How come a count of a range becomes 0 before a foreach?
Steven Schveighoffer
schveiguy at gmail.com
Tue Apr 11 01:55:39 UTC 2023
On 4/10/23 6:43 PM, ikelaiah wrote:
> On Monday, 10 April 2023 at 01:01:59 UTC, Steven Schveighoffer wrote:
>> On 4/9/23 9:16 AM, Ali Çehreli wrote:
>>> auto entries = dirEntries(/* ... */).array;
>>
>> I'd be cautious of that. I don't know what the underlying code uses,
>> it may reuse buffers for e.g. filenames to avoid allocation.
>>
>> If you are confident the directory contents won't change in that
>> split-second, then I think iterating twice is fine.
>>
>
> Steve,
>
> The Rmd files are not on a network drive, but saved locally.
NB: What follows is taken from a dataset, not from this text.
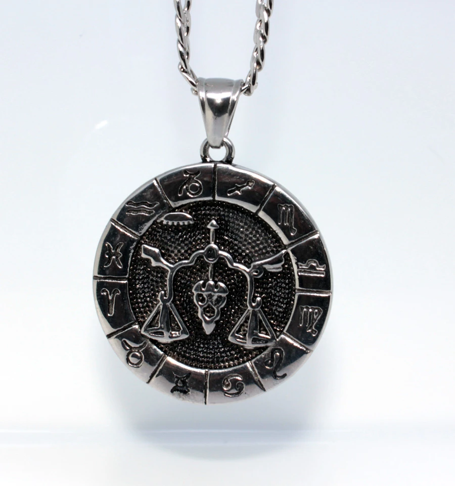 Přívěsek ve znamení vah (23.9-23.10). Přívěsek je zhotovený z chirurgické oceli. Znamení vah je "lemováno" symboly ostatních znamení zvěrokruhu. Ke znamení náleží řetízek z chirurgické oceli vzor pancr se zapínáním na karabinu, dlouhý 60cm. Přívěsek má průměr 34mm. Řetízek lze na přání zdarma zkrátit.

> So, I'm confident, the files won't change in a split-second.
That is not what I meant.
What I mean is that `array` is going to copy whatever values the range
gives it, which might be later *overwritten* depending on how
`dirEntries` is implemented.
e.g. the following code is broken:
```d
auto lines = File("foo.txt").byLine.array;
```
But the following is correct:
```
auto lines = File("foo.txt").byLineCopy.array;
```
Why? Because `byLine` reuses the line buffer eventually to save on
allocations. The array of lines might contain garbage in the earlier
elements as they got overwritten.
I'm not saying it's wrong for `dirEntries`, I haven't looked. But you
may want to be cautious about just using `array` to get you out of
trouble, especially for lazy input ranges.